Каждую неделю, поочерёдно, ездили они на велосипеде на кладбище, отвозили на твою могилку садовые цветы, изредка можно было услышать, как один другого спрашивал, был ли там тот или нет. Не могли они, погребая тебя в Ивето, а не в Лильбонне, догадываться, что предстоит им вернуться туда спустя семь лет, в сорок пятом, из оккупации, просто там жили едва ли не все родственники, с обеих сторон, а значит, проще было собраться всем сразу у твоей могилы.
Мне не доводилось слышать твоего имени. Я его узнала от кузины С., показалось оно мне древним, девочке никак не подходящим, в школе имени такого никто не носил. Даже и теперь испытываю некоторую неловкость, едва ли не гадливость, когда слышу его.
Сама произношу его редко, как нечто для меня запретное: Жинетт…
Они никогда не говорили мне о вещах, которые когда-то были твоими, хотя и сохранили их.

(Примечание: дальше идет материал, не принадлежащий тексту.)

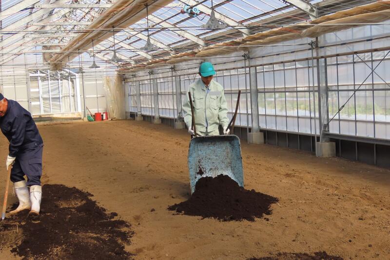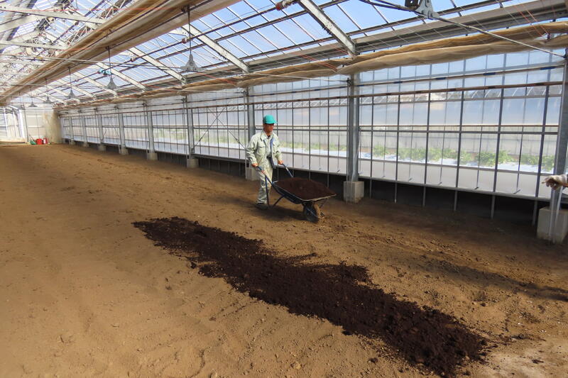 【野菜専攻】ハウス内へ春作メロン用の堆肥搬入・散布

Они укладывали меня едва не до семи лет в кроватку розового дерева, кроватка была твоей. Потом уже для меня купили угловой диван с этажеркой, и кроватка была разобрана, четыре её боковых панели и металлическая сетка отправились на чердак, доставали их оттуда лишь по случаю приезда к нам какого-нибудь ребёнка.
Когда моя мать перебралась к нам, в Анесси, она привезла с собой, среди прочей мебели, и эту кроватку. Я спустила её в полуподвал, откуда та случайно была выдворена в Шарант, к моим бабушке с дедушкой, и те в свою очередь, меня не предупредив, быстрёхонько и непринуждённо от неё и избавились, о чём, хихикая и поведали уже в семьдесят первом году.